Like black widows, the female S. grossa is 6-10.5 mm in length and dark colored with a round, bulbous abdomen. Typical coloration ranges from purplish brown to black, with light-colored markings. Unlike black widows, redbacks, and other Latrodectus species, S. grossa does not have a bright red hourglass pattern or any other bright, distinctive markings. Like many spiders, the male is sometimes smaller but can many times be nearly as long as the females. It measures 4.1-10.0 mm in length and is thinner than the female. The two sexes are colored similarly; however, the sexually mature male almost always has lighter, more reddish-coloured legs than the female. S. grossa spiders may shed up to six times (instars) before reaching maturity.

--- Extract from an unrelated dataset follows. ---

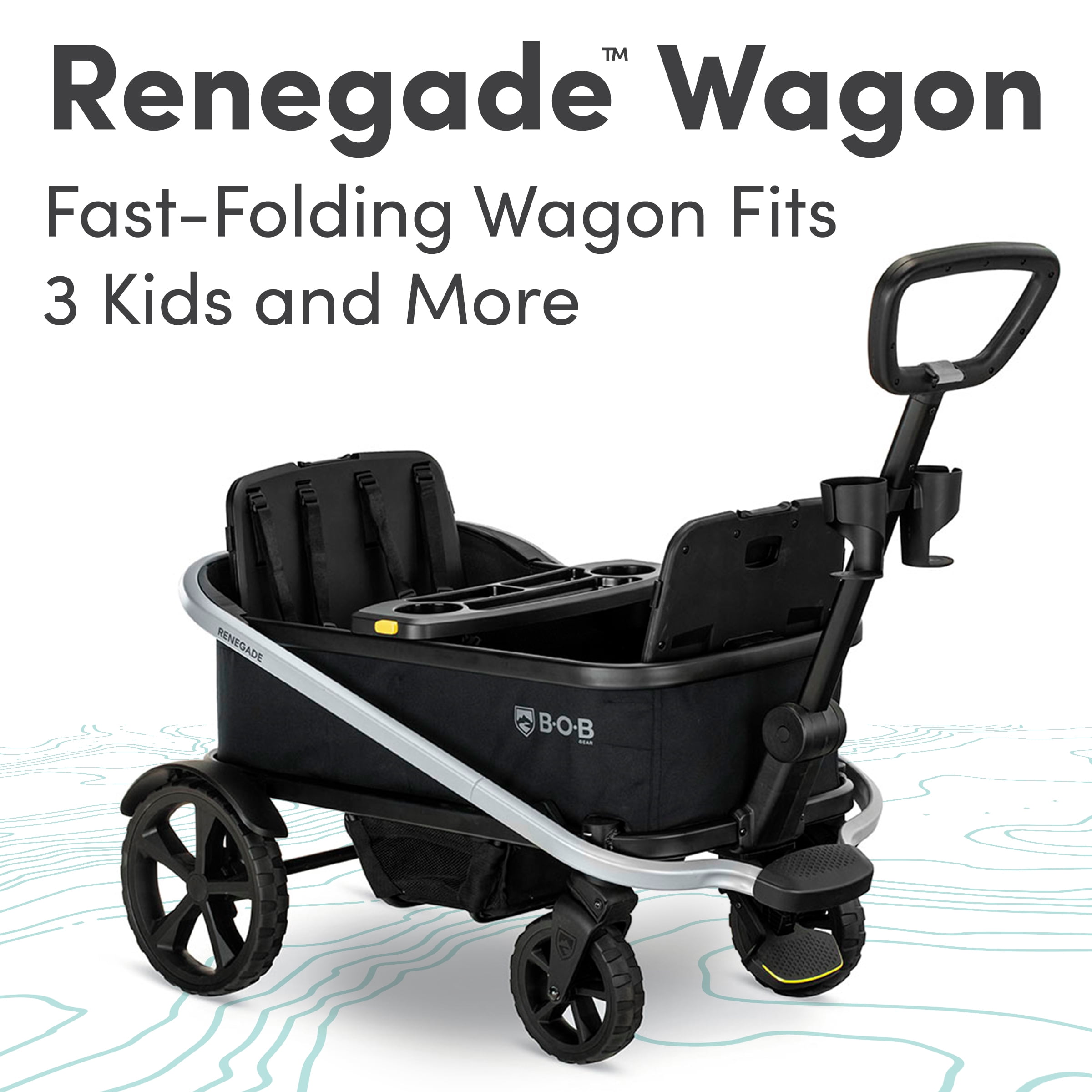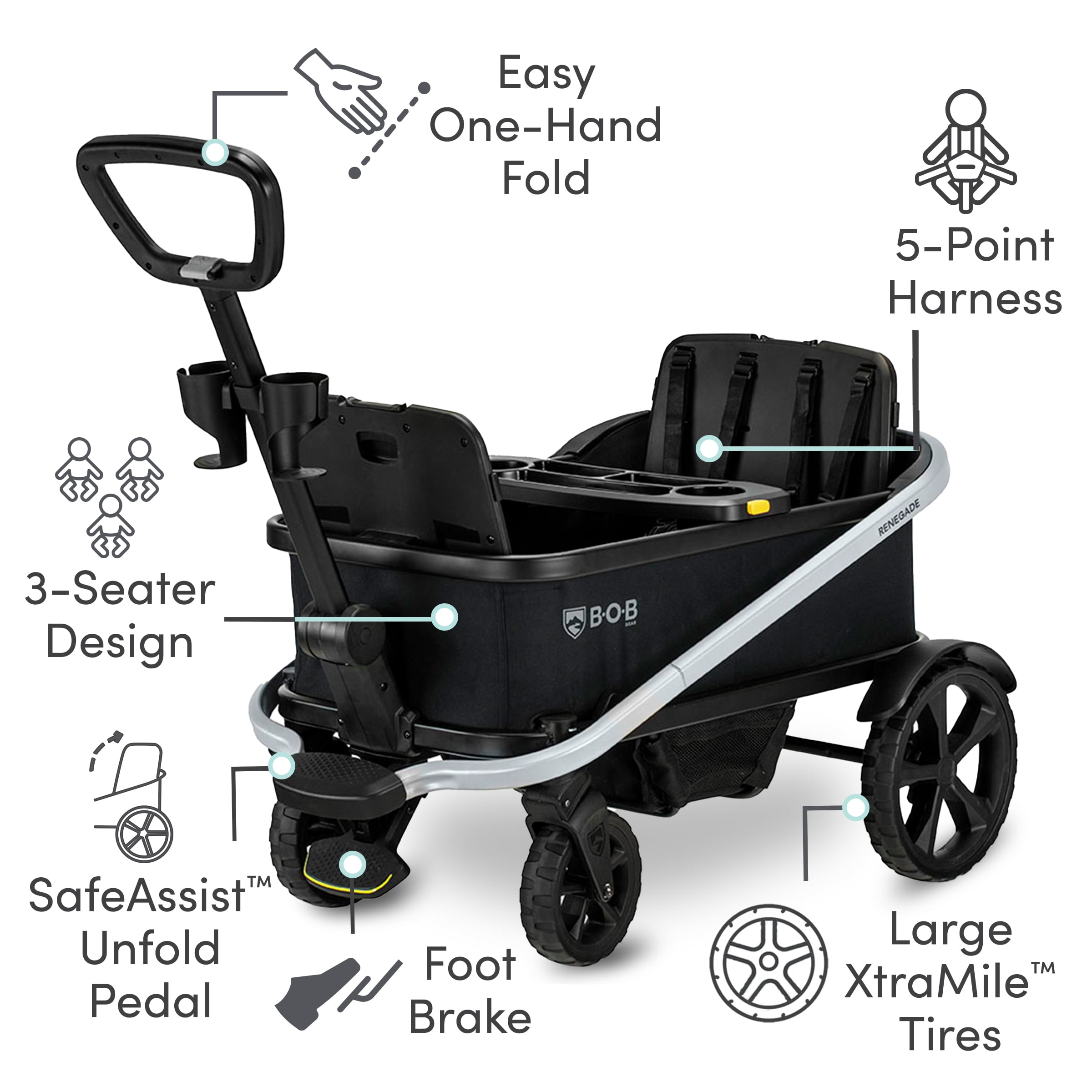 BOB Gear Renegade Foldable Stroller Wagon with Child Snack Tray and Cup Holders, Nightfall Three-seater design accommodates up to three kids All-terrain tires with large XtraMile tires and SmoothShox suspension for a comfortable ride One-hand open and close feature with SafeAssist design for quick folding Push-and-pull handle with SteerSteady technology for easy maneuverability Includes a child snack tray, two adult cup holders, and side mesh pockets for convenience Durable one-step foot brake for quick stops 5-point harnesses at every seat for enhanced safety Welded aluminum frame for added durability Meets ASTM requirements and undergoes additional performance testing Easy to clean with soft polyester fabric that can be spot cleaned
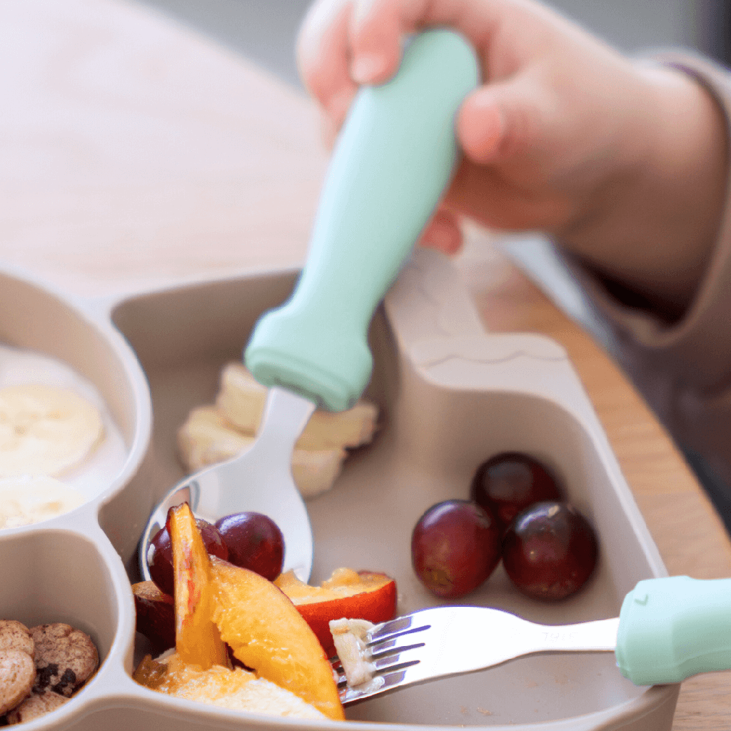 - Ergonomische grip: Elk stuk is voorzien van een siliconen handvat, perfect gevormd voor de kleine kinderhandjes, wat zorgt voor een slipvrije grip tijdens het eten.

According to Charles Hogue (Insects of the Los Angeles Basin, 1993), it reportedly preys on black widows. They can go several months without feeding, provided they have access to water. A well-fed female can lay three or more egg sacs each year. Each egg sac typically contains between 40-100 eggs. The mother can often be observed watching her eggs for hours, even days, at a time once the eggs start changing color and grow close to hatching. At normal household temp/humidity, an egg will usually hatch within a month of being laid. The spiderlings are independent from time of hatch.

Female S. grossa spiders can live up to six years; the typical lifespan for the male is 1-1.5 years. Males often die shortly after mating.

==In popular culture==
Steatoda grossa was selected by director Sam Raimi to represent the radioactive spider whose bite transforms Peter Parker in the 2002 movie Spider-Man. The spider used for filming was painted with red and blue makeup.